Rumen microorganisms quantitative real time-PCR amplification primer
Species | Primer sequence(5′-3′) | References |
---|---|---|
Fibrobacter succinogenes | F1: GGTATGGGATGAGCTTGC | Koike and Kobayashi (2001) |
R2: GCCTGCCCCTGAACTATC | ||
Ruminococcus albus | F: TGTTAACAGAGGGAAGCAAAGCA | Koike and Kobayashi (2001) |
R: TGCAGCCTACAATCCGAACTAA | ||
Ruminococcus flavefaciens | F: CGAACGGAGATAATTTGAGTTTACTTAGG | Koike and Kobayashi (2001) |
R: CGGTCTCTGTATGTTATGAGGTATTACC | ||
Butyrivibrio fibrisolvens | F: GCCTCAGCGTCAGTAATCG | Zhang et al. (2015) |
R: GGAGCGTAGGCGGTTTTAC | ||
Streptococcus bovis | F: TTCCTAGAGATAGGAAGTTTCTTCGG | Khafipour et al. (2009b) |
R: ATGATGGCAACTAACAATAGGGGT | ||
Prevotella brevis | F: GGTTCTGAGAGGAAGGTCCCC | Stevenson and Weimer (2009) |
R: TCCTGCACGCTACTTGGCTG | ||
Selenomonas ruminantium | F: CAATAAGCATTCCGCCTGGG | Benchaar et al. (2012) |
R: TTCACTCAATGTCAAGCCCTGG |
1F means forward primers; 2R means reverse primers.

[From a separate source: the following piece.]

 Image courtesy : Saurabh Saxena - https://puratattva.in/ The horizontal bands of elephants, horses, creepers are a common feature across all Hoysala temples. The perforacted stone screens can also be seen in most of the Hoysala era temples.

Previous studies have confirmed that cellulolytic bacteria, including R. albus, R. flavefaciens, F. Succinogenes, and B. fibrisolvens, are relatively more sensitive to rumen pH (Nagaraja and Titgemeyer, 2007; Li et al., 2017; Plaizier et al., 2017), which can be used as biomarkers to determine the risk of SARA in ruminants. Therefore, in our study, according to the number of main cellulolytic bacteria in the rumen (expressed as log10 copy number of 16S rRNA gene copies per gram of rumen digesta), the 48 sheep were classified into two groups of extreme individuals: the higher cellulolytic bacteria (HCB, n = 10) group and the lower cellulolytic bacteria (LCB, n = 10) group.

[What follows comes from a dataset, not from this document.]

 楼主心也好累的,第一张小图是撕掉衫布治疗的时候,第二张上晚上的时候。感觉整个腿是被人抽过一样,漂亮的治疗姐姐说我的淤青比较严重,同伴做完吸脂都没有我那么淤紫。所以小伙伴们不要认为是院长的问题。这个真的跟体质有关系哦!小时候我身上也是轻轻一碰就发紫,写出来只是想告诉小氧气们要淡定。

Rumen fermentation used in this experiment
After the rumen fluid was separated from the rumen digesta, the pH was immediately determined using a portable pH meter (PHB-4, Shanghai Hongyi Instrument Limited, Shanghai, China). The VFAs of acidified ruminal liquid by meta-phosphoric acid (25% wt/vol) were separated and quantified by using a gas chromatograph (Thermo Fisher Scientific, Milano, Italy) with a DB-FFAP capillary column (DB-FFAP, 30 m × 0.32 mm × 0.25 µm, Agilent Technologies Co., Ltd., Santa Clara, USA). The VFAs were separated by the measurement conditions described by Li et al. (2017); the crotonic acid (1% wt/vol) was used as the internal standard.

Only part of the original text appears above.